Well…no. It’s a nice turn of phrase, and something we all wish was true, in our human and selfish and fallen way, but there’s nothing in the Bible to support that view. He is “soft” on criminals, but He detests “crime.”

In the end, if you can get past her political rantings and her skewed and New Age-y version of the Gospel, you’re left with stories that are, by turns, hilarious, heart-rending, infuriating, depressing and encouraging.

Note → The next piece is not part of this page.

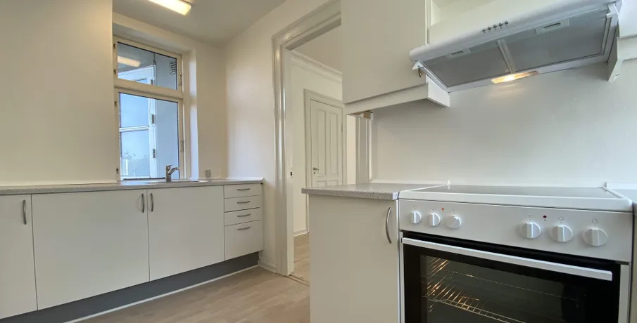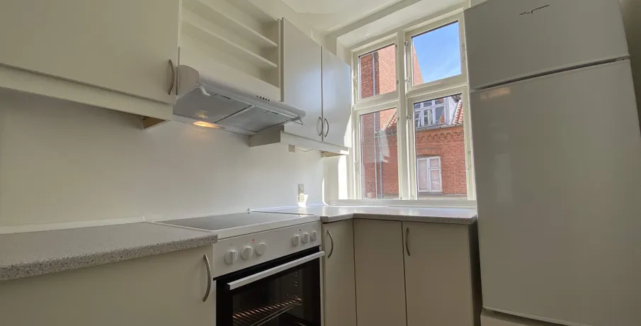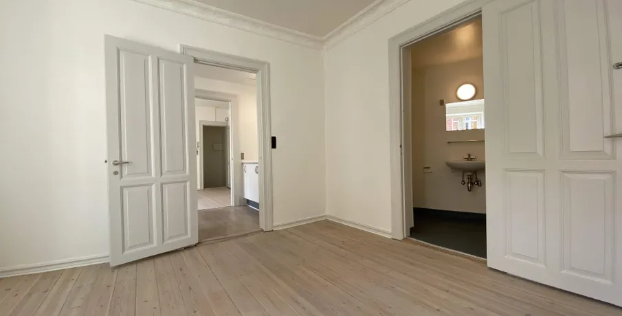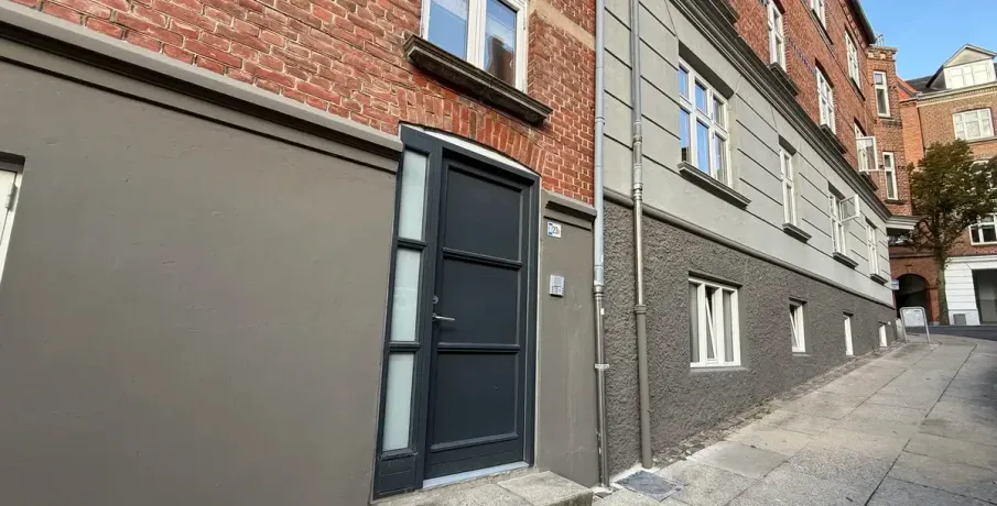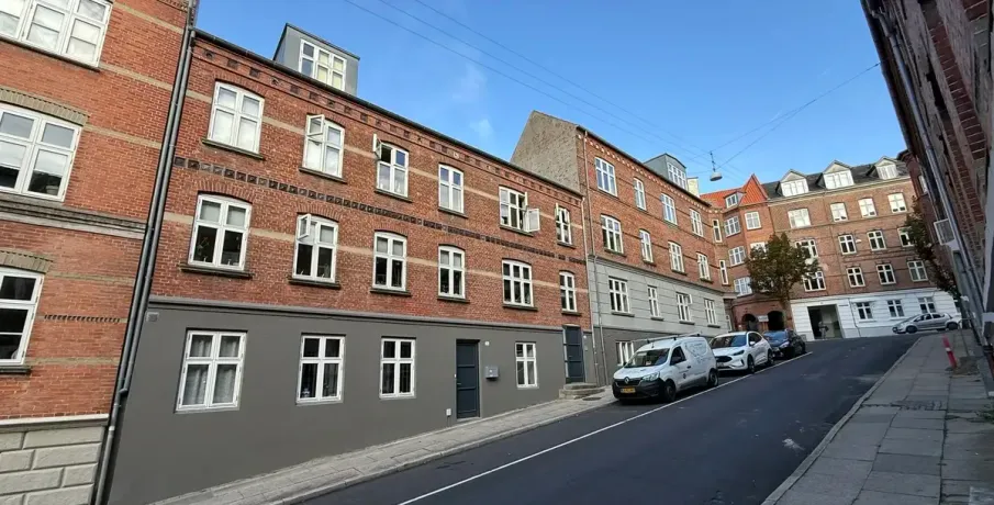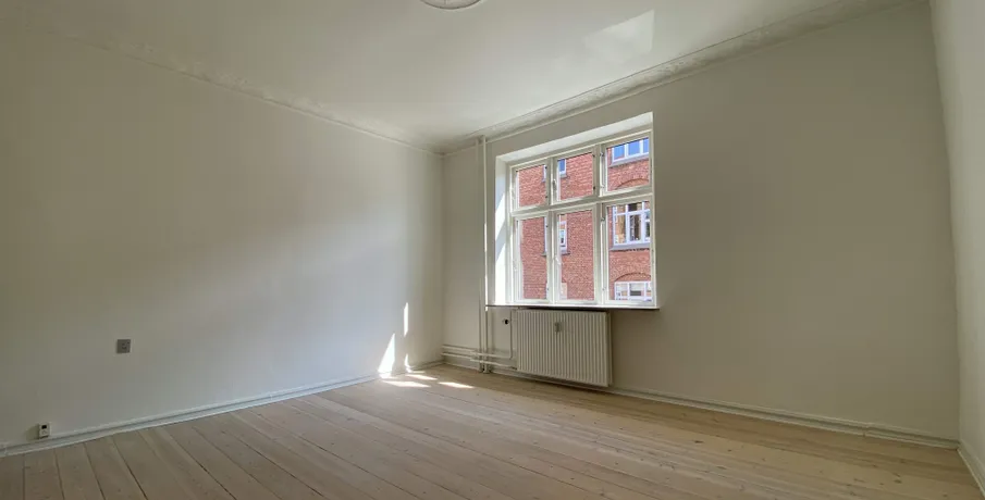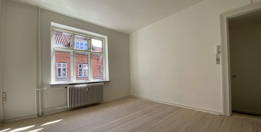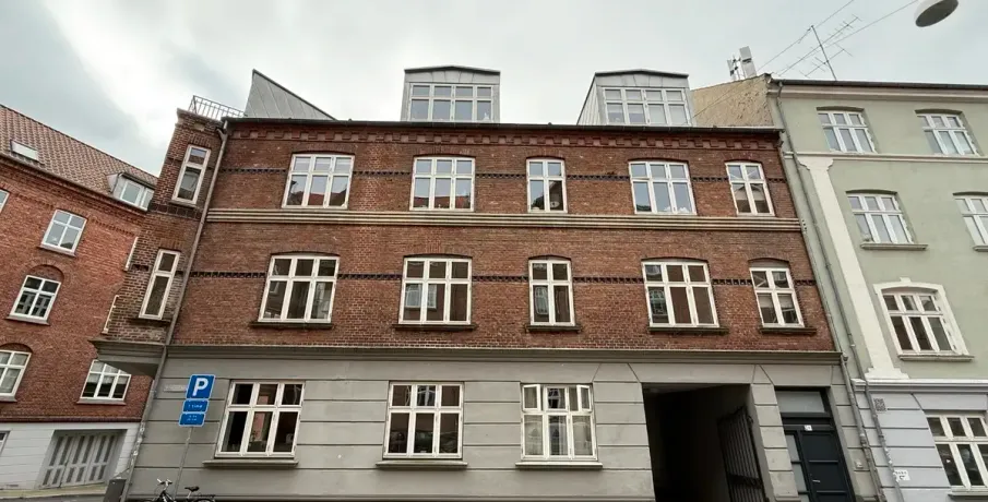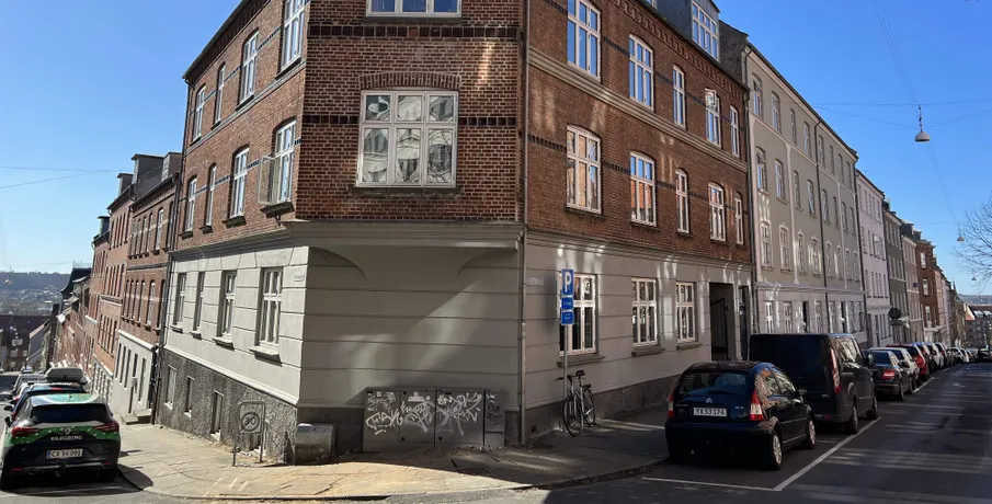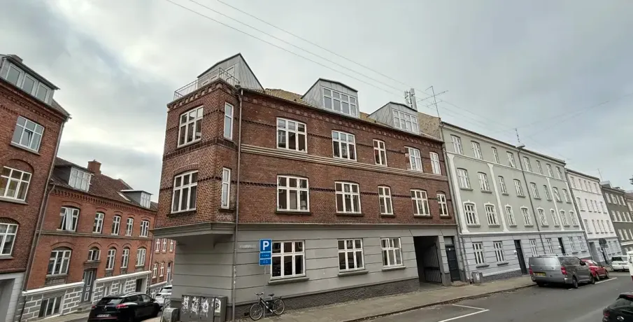 Beliggenhed. Centralt beliggende og renoveret hjørneejendom. Beliggende tæt på banegården og byens centrum, med et stort udvalg af indkøbsmuligheder. Der er fælles gårdhave til ejendommen, der samtidig giver adgang til stort fælles gårdhavemiljø i området. Børneinstitutioner og skoler i gåafstand.. Faciliteter. Vaskefaciliteter henvises. Øvrigt. Dørtelefonanlæg. Altaner på de fleste lejemål. Afhøvlede massive trægulve og stuklofter..
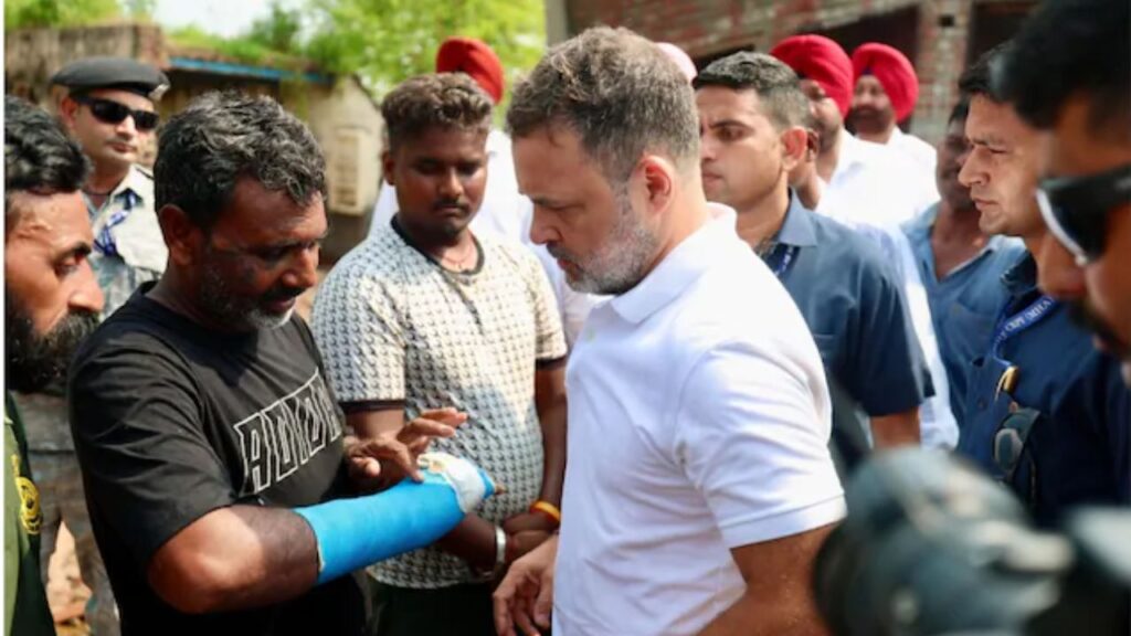 Chandigarh: पंजाब के गुरदासपुर जिले में सोमवार को एक राजनीतिक और मानवीय दृश्य एक साथ देखने को मिला जब कांग्रेस सांसद और पूर्व अध्यक्ष राहुल गांधी बाढ़ प्रभावित इलाकों का जायजा लेने पहुंचे। यह दौरा केवल आपदा राहत के संदर्भ में नहीं रहा, बल्कि सुरक्षा को लेकर एक बड़ा राजनीतिक संदेश और विवाद भी छोड़ गया। राहुल गांधी दीनानगर के मकोड़ा पतन इलाके में पहुंचे थे, जहां रावी नदी के कारण कई गांव जलमग्न हो गए हैं। इन गांवों में से कई पाकिस्तान सीमा के बिल्कुल नजदीक स्थित हैं, और यही निकटता इस पूरे घटनाक्रम की जड़ बन गई।

If you’re easily offended by vulgar language, especially when used in conjunction with spiritual themes, you might want to take a pass. (After all, it was Lamott who described her conversion experience in Traveling Mercies thusly: “…I stood there for a minute, and then I hung my head and said, ‘F**k it: I quit.’ I took a long deep breath and said out loud, ‘All right. You can come in.'”)

Anne Lamott remains one of my favorite writers because her narrative and observational skills are superb. She writes from her heart, and I give her credit for that. But the skewed doctrine and caustic political attacks leave me wishing that I didn’t know her heart quite so well.